**What you need to do:**
Restate word for word the entries below, starting with the line with "Babinsa Mendampingi Penyaluran" and continuing through the line with "அந்நிறுவனத்தை கடுமையாக சாடியுள்ளார்.". Include both of those lines and no others.

**Data excerpts:**
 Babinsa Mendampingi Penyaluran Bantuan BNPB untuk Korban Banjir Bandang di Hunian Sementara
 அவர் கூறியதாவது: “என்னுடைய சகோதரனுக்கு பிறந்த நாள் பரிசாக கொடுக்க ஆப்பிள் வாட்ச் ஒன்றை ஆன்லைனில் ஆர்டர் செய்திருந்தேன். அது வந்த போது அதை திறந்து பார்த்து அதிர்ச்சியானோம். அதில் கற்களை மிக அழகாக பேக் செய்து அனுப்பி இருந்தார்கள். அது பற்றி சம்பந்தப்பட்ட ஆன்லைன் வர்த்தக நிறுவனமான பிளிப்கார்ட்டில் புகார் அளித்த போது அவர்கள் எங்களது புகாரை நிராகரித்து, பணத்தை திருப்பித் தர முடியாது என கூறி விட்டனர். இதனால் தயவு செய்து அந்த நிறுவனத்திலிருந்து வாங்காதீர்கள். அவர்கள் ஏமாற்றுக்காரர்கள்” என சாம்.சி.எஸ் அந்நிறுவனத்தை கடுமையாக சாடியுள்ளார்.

--

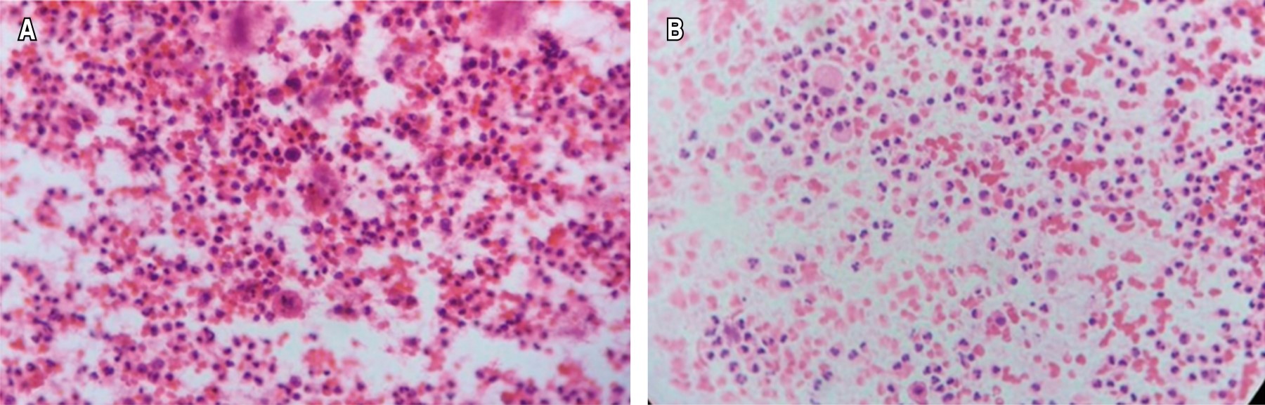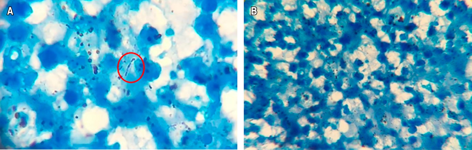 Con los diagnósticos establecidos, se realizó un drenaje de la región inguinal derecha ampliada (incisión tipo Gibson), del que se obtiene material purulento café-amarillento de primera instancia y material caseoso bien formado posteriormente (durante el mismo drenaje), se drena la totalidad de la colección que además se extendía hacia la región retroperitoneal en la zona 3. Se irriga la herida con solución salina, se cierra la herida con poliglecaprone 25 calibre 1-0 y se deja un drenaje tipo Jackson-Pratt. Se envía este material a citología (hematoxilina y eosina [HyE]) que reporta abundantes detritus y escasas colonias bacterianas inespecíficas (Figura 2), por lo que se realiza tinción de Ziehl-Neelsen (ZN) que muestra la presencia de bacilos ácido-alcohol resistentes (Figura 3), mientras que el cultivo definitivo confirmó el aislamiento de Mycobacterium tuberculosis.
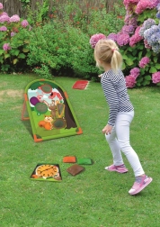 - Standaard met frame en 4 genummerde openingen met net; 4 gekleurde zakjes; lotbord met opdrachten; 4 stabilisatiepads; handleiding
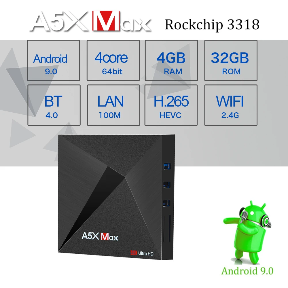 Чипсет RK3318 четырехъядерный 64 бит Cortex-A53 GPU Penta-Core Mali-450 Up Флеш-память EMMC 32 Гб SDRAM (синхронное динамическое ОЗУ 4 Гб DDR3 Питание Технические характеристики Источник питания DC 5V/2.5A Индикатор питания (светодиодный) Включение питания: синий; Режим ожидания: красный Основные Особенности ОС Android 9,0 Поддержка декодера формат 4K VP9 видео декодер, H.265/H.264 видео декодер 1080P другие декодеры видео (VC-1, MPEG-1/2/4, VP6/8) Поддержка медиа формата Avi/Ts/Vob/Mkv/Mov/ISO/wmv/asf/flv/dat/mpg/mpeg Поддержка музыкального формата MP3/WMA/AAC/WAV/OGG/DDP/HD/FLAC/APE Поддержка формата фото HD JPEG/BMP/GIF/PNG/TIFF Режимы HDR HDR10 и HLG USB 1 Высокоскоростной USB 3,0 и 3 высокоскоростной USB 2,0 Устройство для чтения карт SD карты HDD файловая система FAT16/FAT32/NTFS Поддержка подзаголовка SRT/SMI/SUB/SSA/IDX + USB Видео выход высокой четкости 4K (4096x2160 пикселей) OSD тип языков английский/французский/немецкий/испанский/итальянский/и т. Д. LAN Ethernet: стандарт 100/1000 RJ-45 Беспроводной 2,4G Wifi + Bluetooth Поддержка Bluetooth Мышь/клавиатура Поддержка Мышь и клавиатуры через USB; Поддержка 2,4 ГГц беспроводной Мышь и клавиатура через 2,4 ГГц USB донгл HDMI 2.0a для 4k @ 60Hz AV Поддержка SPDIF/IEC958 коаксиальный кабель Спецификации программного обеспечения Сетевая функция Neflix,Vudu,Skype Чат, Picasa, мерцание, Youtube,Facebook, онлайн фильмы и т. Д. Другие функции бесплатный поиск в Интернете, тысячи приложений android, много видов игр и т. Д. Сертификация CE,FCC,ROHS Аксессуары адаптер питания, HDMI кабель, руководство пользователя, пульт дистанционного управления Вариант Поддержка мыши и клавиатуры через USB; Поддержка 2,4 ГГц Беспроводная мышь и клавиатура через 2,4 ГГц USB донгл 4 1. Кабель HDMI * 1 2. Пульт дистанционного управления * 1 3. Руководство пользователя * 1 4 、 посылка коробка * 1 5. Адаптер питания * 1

**Completed exercise:**
 Babinsa Mendampingi Penyaluran Bantuan BNPB untuk Korban Banjir Bandang di Hunian Sementara
 அவர் கூறியதாவது: “என்னுடைய சகோதரனுக்கு பிறந்த நாள் பரிசாக கொடுக்க ஆப்பிள் வாட்ச் ஒன்றை ஆன்லைனில் ஆர்டர் செய்திருந்தேன். அது வந்த போது அதை திறந்து பார்த்து அதிர்ச்சியானோம். அதில் கற்களை மிக அழகாக பேக் செய்து அனுப்பி இருந்தார்கள். அது பற்றி சம்பந்தப்பட்ட ஆன்லைன் வர்த்தக நிறுவனமான பிளிப்கார்ட்டில் புகார் அளித்த போது அவர்கள் எங்களது புகாரை நிராகரித்து, பணத்தை திருப்பித் தர முடியாது என கூறி விட்டனர். இதனால் தயவு செய்து அந்த நிறுவனத்திலிருந்து வாங்காதீர்கள். அவர்கள் ஏமாற்றுக்காரர்கள்” என சாம்.சி.எஸ் அந்நிறுவனத்தை கடுமையாக சாடியுள்ளார்.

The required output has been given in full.